While vast in and of itself, the Irvine Ranch Land Reserve provides linkages to other large preserved open spaces throughout Southern California. This interconnectivity allows entire habitats to flourish uninterrupted, in turn increasing the amount of habitat available to animals. It also helps prevent in-breeding by providing animals a larger gene pool for mating, according to The Nature Conservancy.

Some of these linkages are direct, border-to-border connections: Limestone and Fremont canyons near east Orange, for example, transition to the Santa Ana Mountains and the Cleveland National Forest. The result is an enormous interconnected series of open spaces that also includes Ronald W. Caspers Wilderness Park in south Orange County, Camp Pendleton between Orange and San Diego counties, and the Santa Rosa Plateau Ecological Reserve in Riverside County.

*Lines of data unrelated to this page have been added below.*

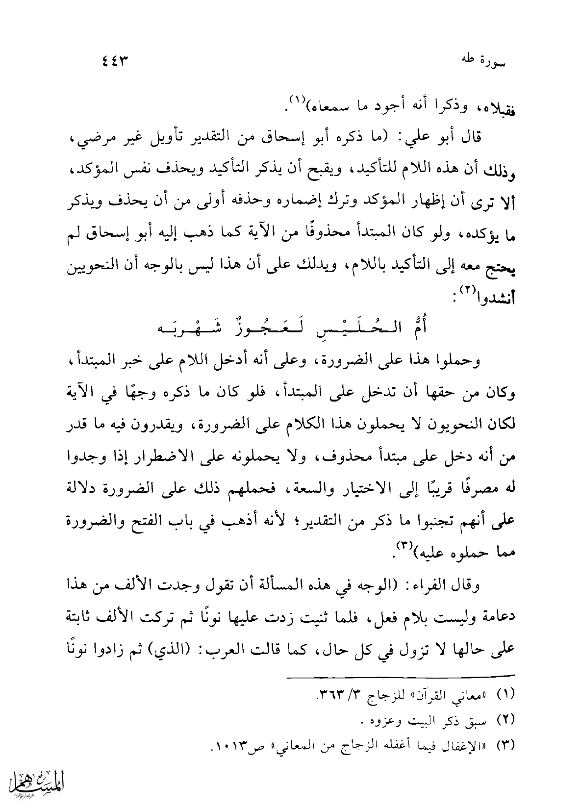 قال أبو علي: (ما ذكره أبو إسحاق من التقدير تأويل غير مرضي، وذلك أن هذه اللام للتأكيد، ويقبح أن يذكر التأكيد ويحذف نفس المؤكد، ألا ترى أن إظهار المؤكد وترك إضماره وحذفه أولى من أن يحذف ويذكر ما يؤكده، ولو كان المبتدأ محذوفًا من الآية كما ذهب إليه أبو إسحاق لم يحتج معه إلى التأكيد باللام، ويدلك على أن هذا ليس بالوجه أن النحويين أنشدوا (¬2):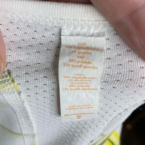 This is a cute yellow, black, blue and purple top that is easy to match with solid shorts. There is a mesh insert at the front neck and on the back.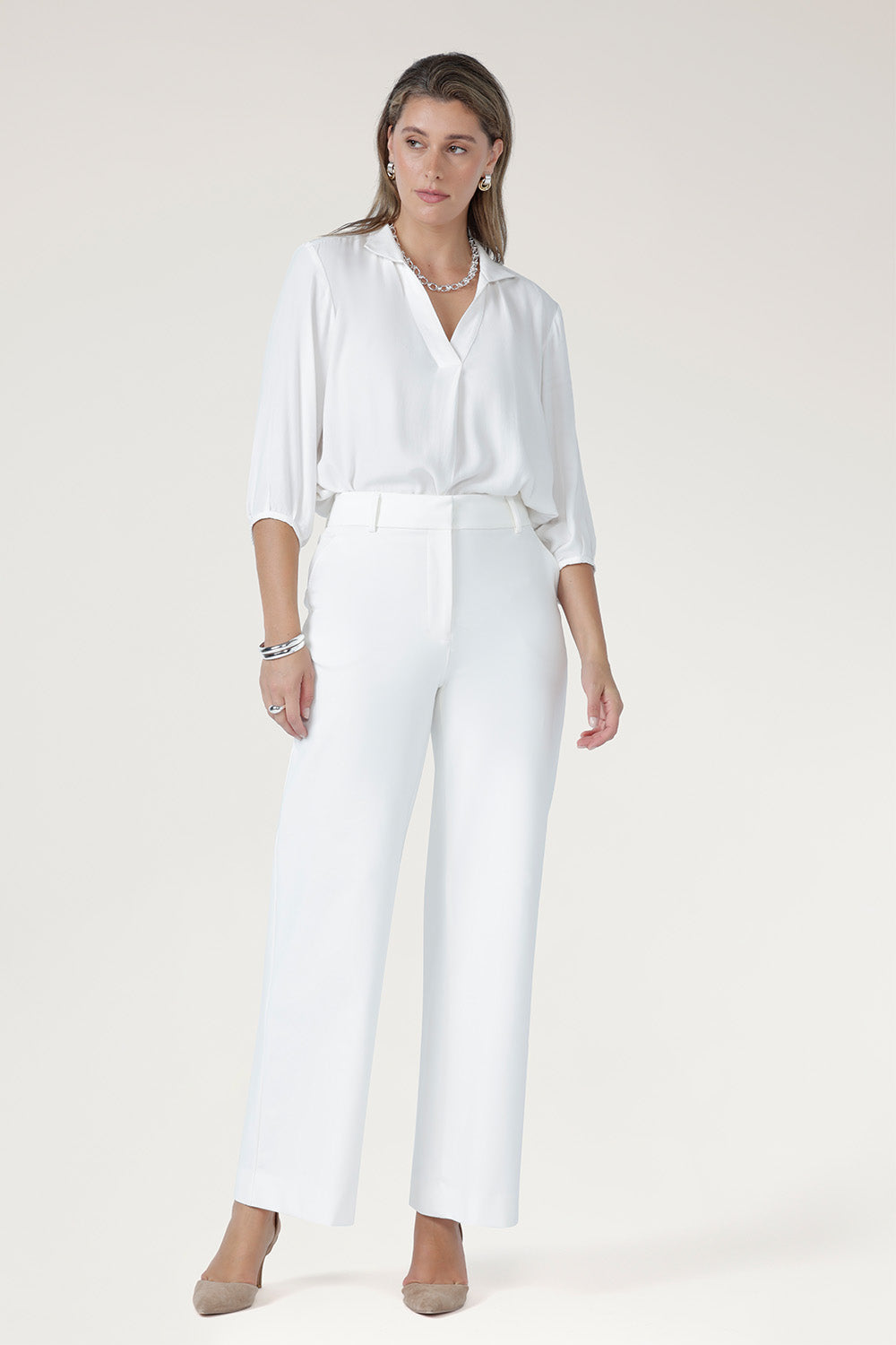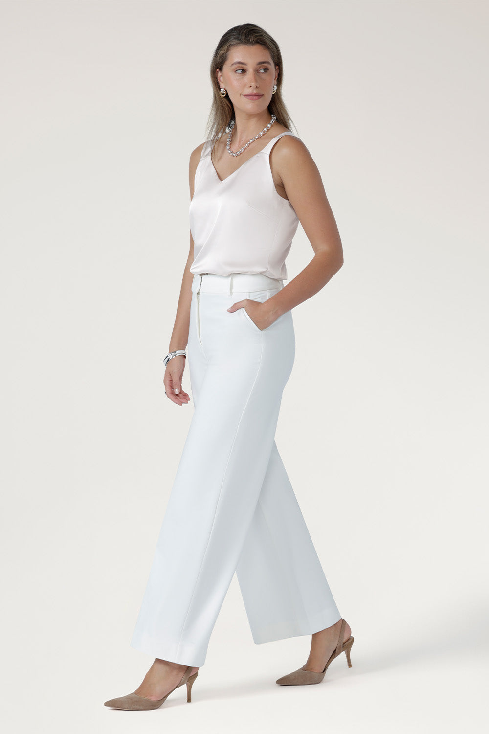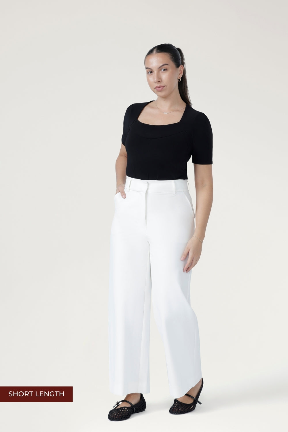 Crafted from a luxe Tech Stretch fabric, the best-selling Wide Leg Pant returns, reimagined to move with real women. Blending timeless tailoring with intelligent design, the high-rise waist, functional fly and waistband, and fluid leg line, offers the ease of movement you love, with the polish you need.

Other linkages are in the form of wildlife corridors, usually narrower areas of land - a creek bed, a pathway under a toll road, even a golf course - that enable animals to move freely from one large open space area to the next. For example, animals can journey between Fremont and Limestone canyons via the Santiago Creek Wildlife Corridor.

"In Southern California, providing linkages between large, preserved open spaces becomes even more important as urban growth continues," says Trish Smith, senior project ecologist with The Nature Conservancy of California. "And that's just one more reason why the Irvine Ranch Land Reserve is so unique and important."